You will take minibuses to the worst parts of town and buy five-foot plastic horns for far too much. You will mix drinks, you will eat red meat. You'll smoke, although you never smoke.
You'll stop flossing. You'll contemplate dying your hair blue. Yet again, you will avoid both the diet and the exercise regimen you swore you'd be on. You'll sleep fourteen hours one night, and on the next night you'll do it again.
You'll spend eight hours and $40 one Saturday on gifts and cab fare for an evangelical wedding in a dingy one-room church.
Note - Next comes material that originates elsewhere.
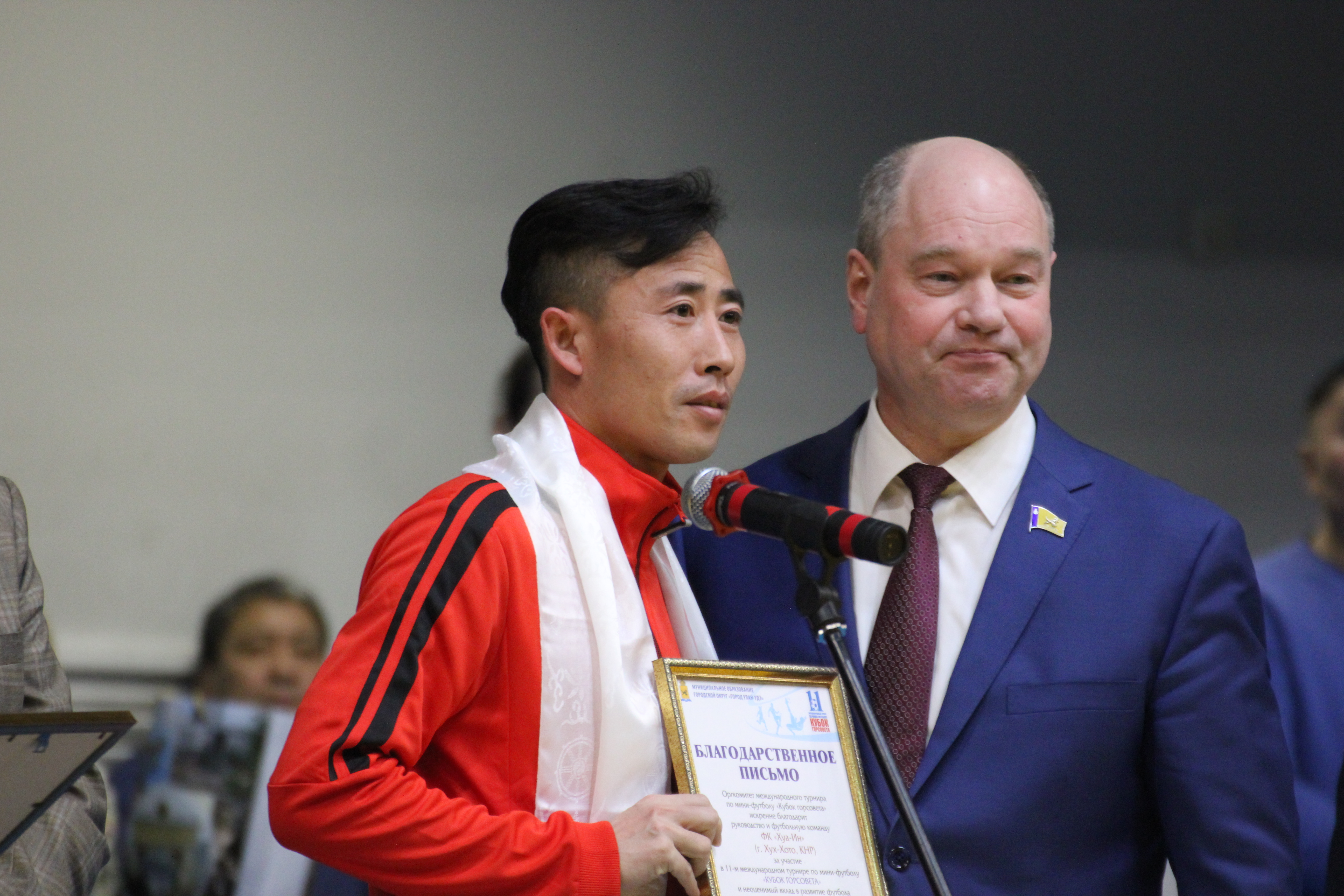 Почетные гости турнира из Монголии и Китая - начальник Управления спорта Китайской Народной Республики Тенг Ан Чжун, заслуженный судья по футболу Китайской Народной Республики Лу Сяо Мин, директор спортивного центра по футболу Управления физической культуры и спорта города Хух-Хото Лю Юн, начальник отделения Управления физической культуры и спорта города Хух-Хото Дун Жуй, начальник Управления физической культуры и спорта города Маньчжурия – Сю Вэй, тренер национальной сборной команды Монголии г-н Эрдэнэ-Очир и президент футбольного клуба «Дэрэн» господин Монхчулуун.
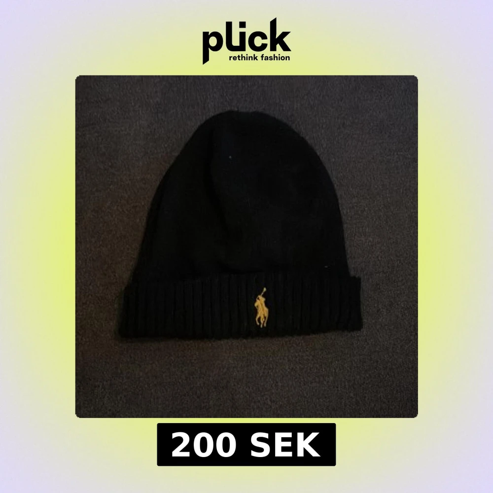 Snygg svart mössa från Ralph Lauren med en gul broderad logga framtill. Mössan har en ribbad kant som ger en skön passform. Perfekt för kyliga dagar.

You'll listen to the preacher thunder and shake about AIDS and homosexuality and contraception interchangeably, you might even raise your voice in honest hallelujahs to a God you openly scorn, a God that Dutch ships brought to this heathen land.
You will do the unthinkable: when the urge is too great, you will hitch up your skirt and pee into a hole in the ground.
At the wedding reception, you will meet high school children, not even fourteen, who have spent years of pocket money on Michael Jackson records, and they will ask you whether you have ever met a celebrity. You will say, Of course.
On a Thursday afternoon, when the offices have emptied and the last buses are almost ready to depart from Gandhi Square, you will sit at a desk on the eighth floor, watching the orange twilight reflected in the city's many glass faces. Though even natives are mugged for less, you will not look over your shoulder once on the lonesome walk home.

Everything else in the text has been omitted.